Your objective: For this task, output exactly the lines of the material below starting at the line with "Reimagining classic Mediterranean" and ending at the line with "The detailed review"; pictures are to be excluded.

Data supplied:

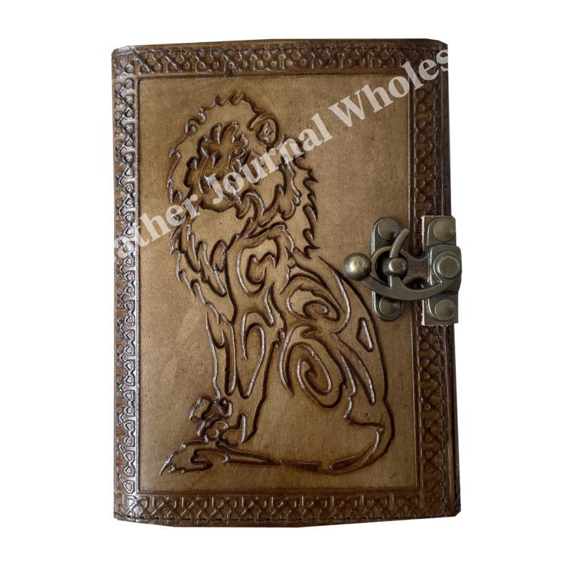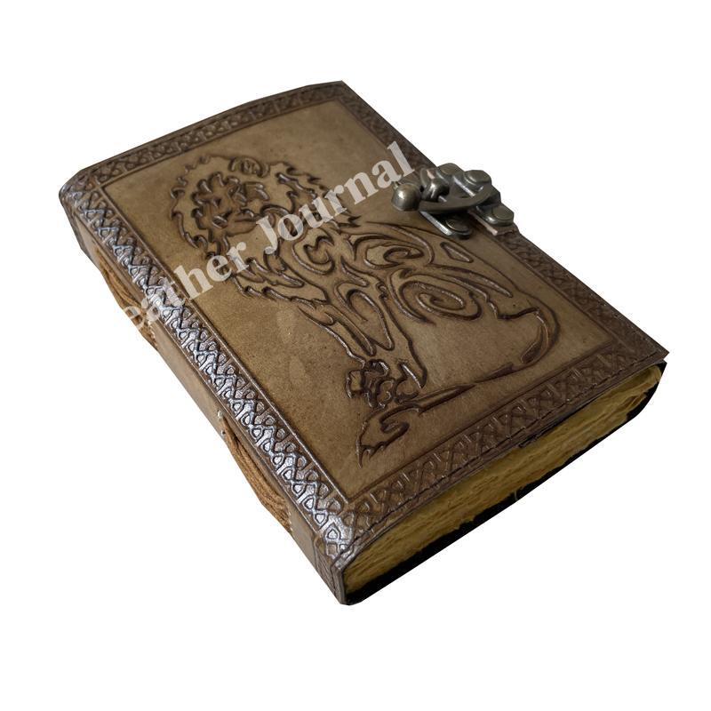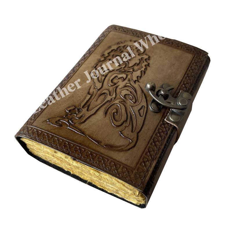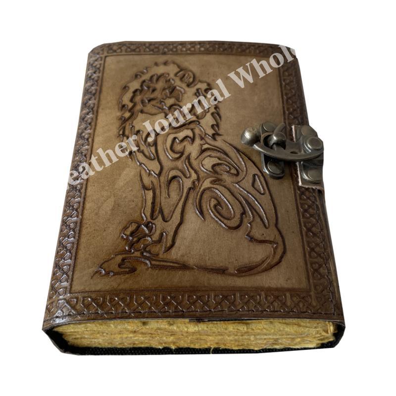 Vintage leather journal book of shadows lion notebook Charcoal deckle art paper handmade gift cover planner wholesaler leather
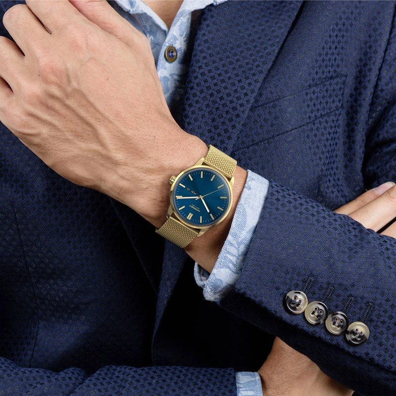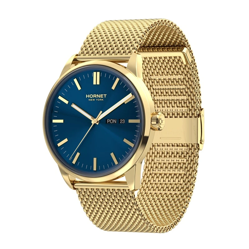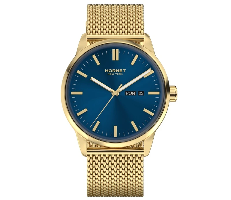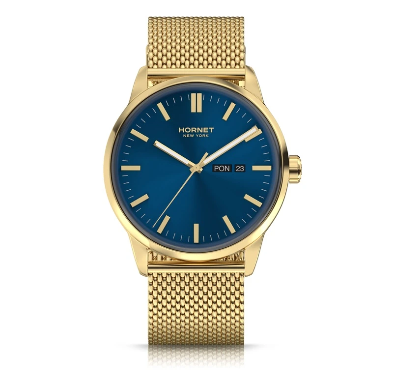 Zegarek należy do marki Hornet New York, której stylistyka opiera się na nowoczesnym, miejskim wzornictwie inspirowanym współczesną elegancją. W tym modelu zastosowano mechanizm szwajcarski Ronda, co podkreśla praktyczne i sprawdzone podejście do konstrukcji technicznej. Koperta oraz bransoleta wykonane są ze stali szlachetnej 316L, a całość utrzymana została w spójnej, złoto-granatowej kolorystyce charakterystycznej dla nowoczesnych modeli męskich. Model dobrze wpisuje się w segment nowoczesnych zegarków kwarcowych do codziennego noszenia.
...
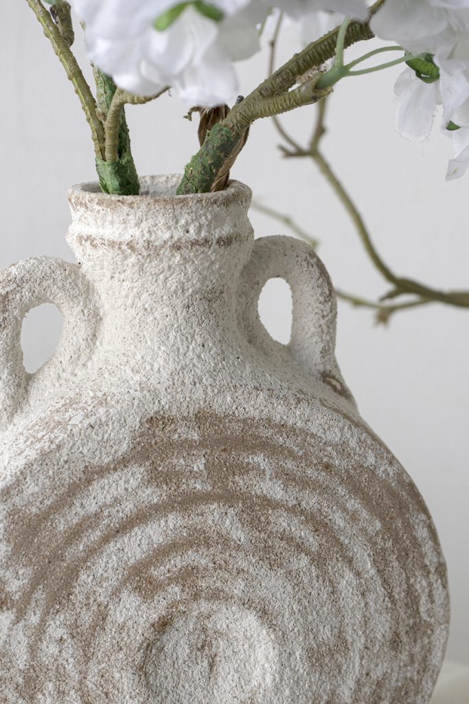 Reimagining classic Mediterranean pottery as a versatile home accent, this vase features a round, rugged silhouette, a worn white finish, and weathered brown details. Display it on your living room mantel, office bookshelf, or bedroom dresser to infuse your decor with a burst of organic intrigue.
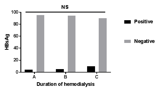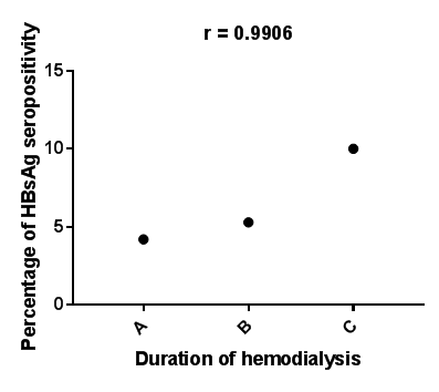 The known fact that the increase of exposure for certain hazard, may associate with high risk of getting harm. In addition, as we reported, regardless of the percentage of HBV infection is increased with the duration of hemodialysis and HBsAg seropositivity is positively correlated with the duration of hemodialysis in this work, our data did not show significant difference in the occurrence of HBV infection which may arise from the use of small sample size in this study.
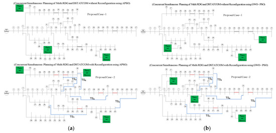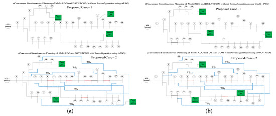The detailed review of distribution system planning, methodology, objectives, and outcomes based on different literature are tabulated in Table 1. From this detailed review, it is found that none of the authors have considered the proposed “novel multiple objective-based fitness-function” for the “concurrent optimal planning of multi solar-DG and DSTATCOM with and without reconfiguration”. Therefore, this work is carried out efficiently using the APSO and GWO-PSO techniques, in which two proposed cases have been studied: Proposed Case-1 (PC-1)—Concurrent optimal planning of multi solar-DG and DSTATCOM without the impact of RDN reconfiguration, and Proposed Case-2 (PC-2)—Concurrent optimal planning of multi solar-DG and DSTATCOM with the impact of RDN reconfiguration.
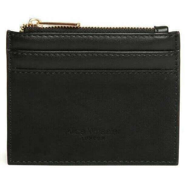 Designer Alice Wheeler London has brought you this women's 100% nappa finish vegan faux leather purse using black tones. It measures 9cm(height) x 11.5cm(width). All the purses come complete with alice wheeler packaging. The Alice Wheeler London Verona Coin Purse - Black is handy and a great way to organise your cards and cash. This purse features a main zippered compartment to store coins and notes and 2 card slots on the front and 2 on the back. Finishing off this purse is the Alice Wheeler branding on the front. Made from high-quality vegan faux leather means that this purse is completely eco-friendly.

Result for this exercise:
 Reimagining classic Mediterranean pottery as a versatile home accent, this vase features a round, rugged silhouette, a worn white finish, and weathered brown details. Display it on your living room mantel, office bookshelf, or bedroom dresser to infuse your decor with a burst of organic intrigue.
 The known fact that the increase of exposure for certain hazard, may associate with high risk of getting harm. In addition, as we reported, regardless of the percentage of HBV infection is increased with the duration of hemodialysis and HBsAg seropositivity is positively correlated with the duration of hemodialysis in this work, our data did not show significant difference in the occurrence of HBV infection which may arise from the use of small sample size in this study.
The detailed review of distribution system planning, methodology, objectives, and outcomes based on different literature are tabulated in Table 1. From this detailed review, it is found that none of the authors have considered the proposed “novel multiple objective-based fitness-function” for the “concurrent optimal planning of multi solar-DG and DSTATCOM with and without reconfiguration”. Therefore, this work is carried out efficiently using the APSO and GWO-PSO techniques, in which two proposed cases have been studied: Proposed Case-1 (PC-1)—Concurrent optimal planning of multi solar-DG and DSTATCOM without the impact of RDN reconfiguration, and Proposed Case-2 (PC-2)—Concurrent optimal planning of multi solar-DG and DSTATCOM with the impact of RDN reconfiguration.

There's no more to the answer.